Haiti’s president, Rene Preval, speaks a week after quake

Share

Seated under a mango tree with helicopters and cargo planes thundering overhead, Haitian President Rene Preval had few answers to the many questions facing the head of a devastated country. He could not say how many people had died. He did not know when the roads would be cleared of debris. He wouldn’t venture a guess on whether more survivors might still be pulled from the rubble.

“We haven’t ended the rescue operations, but we know that as the days pass, the chances are getting smaller and smaller,” the president told The Times, speaking after a news conference held at what serves as his government’s headquarters: a guarded police station behind cinder-block walls near the airport.

Preval spoke in the police station’s car park.

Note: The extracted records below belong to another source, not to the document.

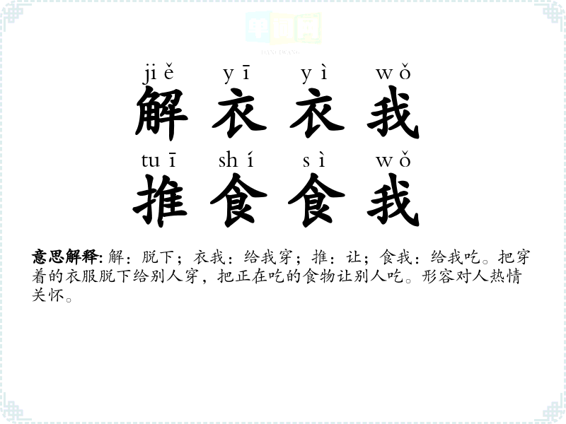 解:脱下;衣我:给我穿;推:让;食我:给我吃。把穿着的衣服脱下给别人穿,把正在吃的食物让别人吃。形容对人热情关怀。
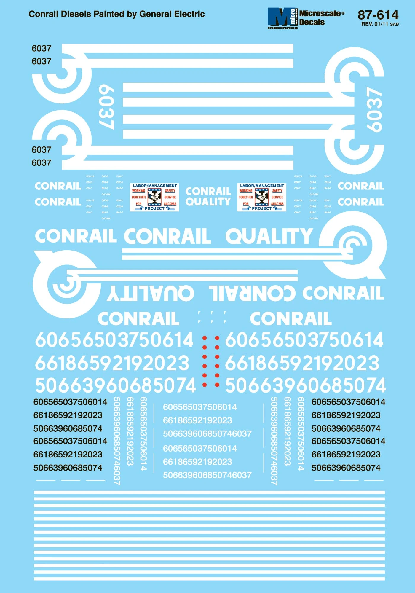 Microscale 87-614 HO Scale Conrail GE Diesel Labor Management Decals
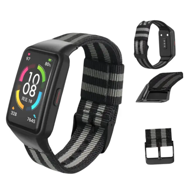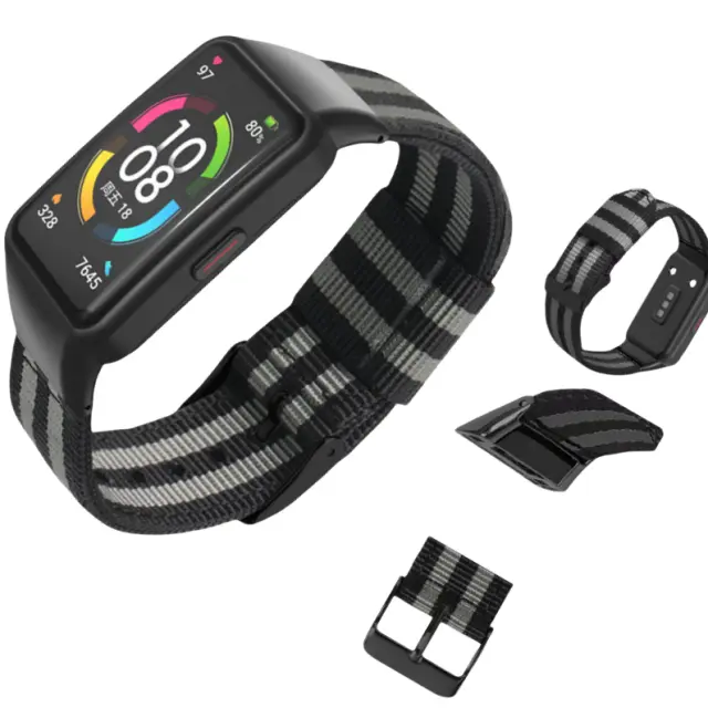 Zračen in udoben: ta pas za uro, izdelan iz vrhunskega najlonskega platna, zagotavlja izjemno zračnost, kar zagotavlja udobno izkušnjo nošenja tudi med intenzivnimi vadbami ali vročim vremenom.
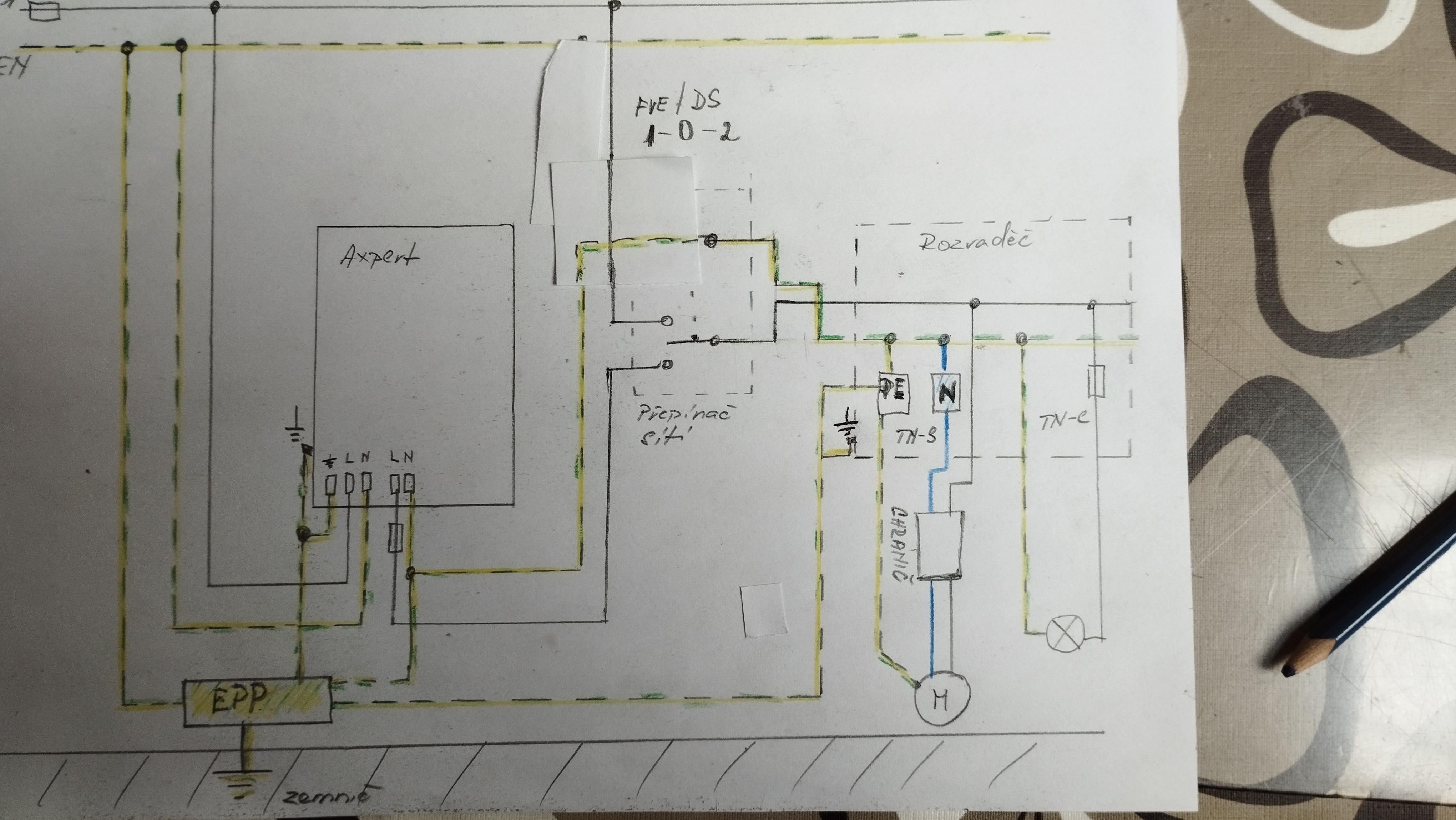 Ta žlutozelená odbočka od axperta do rozváděče je nadbytečná.

He looked shaken and did little to offer forceful reassurances to Haitians. Asked repeatedly about security, he said the police were acting in “extremely difficult conditions.”

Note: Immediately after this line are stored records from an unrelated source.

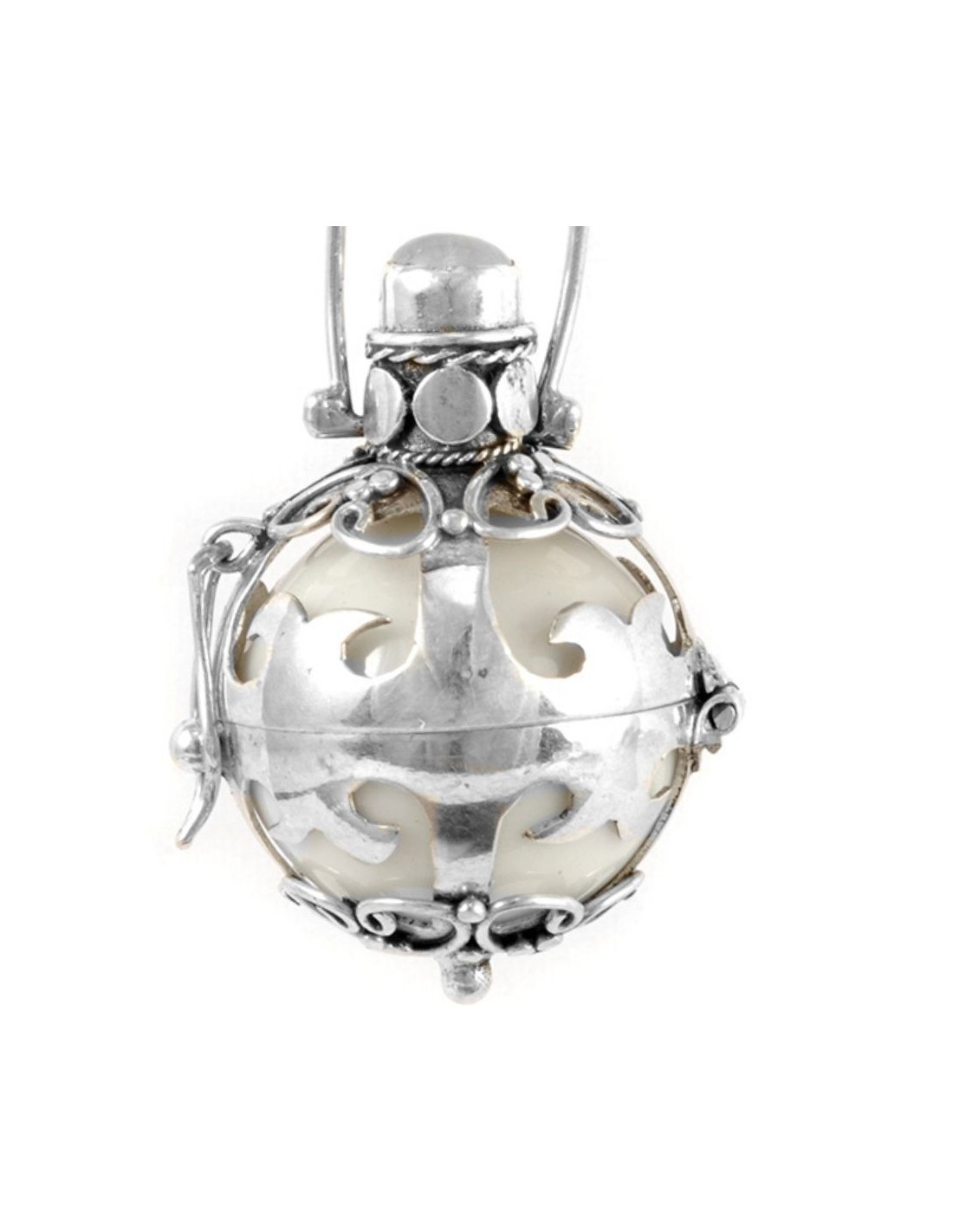 -€30.00 Product available with different options Silver Jewellery Silver Bola Cage with Coloured Ball Boutique Nirvana €35.83 €65.83 This magnificent bola cage pendant is handcrafted in sterling silver and adorned with spiral patterns forming elegant arabesques. The cage contains a ball of enamelled colour, either in white, black or turquoise. Fine black cord included. Every piece is handmade and completely unique. All products are fair trade. View
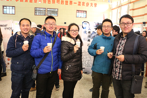 会展现场人头攒动,场面热烈,前来参观学习的同学或聚集在展桌前品尝69书吧
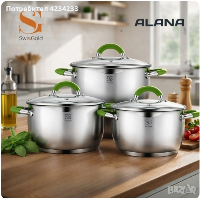 Комплект тенджери Swisgold Alana с 5-слойно капсулно дъно DJ11 + Подарък луксозен комплект прибори за хранене от 24 части KN2
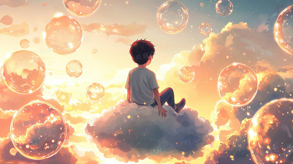 本作品内容为创意治愈系卡通坐在云中的男孩周围梦幻泡泡插画, 格式为 jpg, 大小3 MB, 图片尺寸为2912 x 1632, 源文件无水印, 欢迎使用熊猫办公。 如认为平台内容涉嫌侵权,可通过邮件:tousu@tukuppt.com提出书面通知,我们将及时处理。

He called on the Haitian people to “organize themselves” to maintain order.

The quake destroyed every major government building, including the National Palace, the Supreme Court and ministries. Preval told of telephoning government office after government office last Tuesday after the quake, then calling U.N. headquarters -- all without answer. He then got on a motorcycle to survey the wasteland.

But he had since been largely invisible to his countrymen. His news conference was held exactly a week after the quake. When it ended, Preval turned to head back to his office in the police station. He was confronted by a woman in red.

“Mr. President! Mr. President!” she shouted. “People are dying. We have no water.

“The mayor has everything and he doesn’t want to give it up!” she said. “Please, please, please, just a bag of rice.”

“OK, a bag of rice,” Preval said. Then he went inside.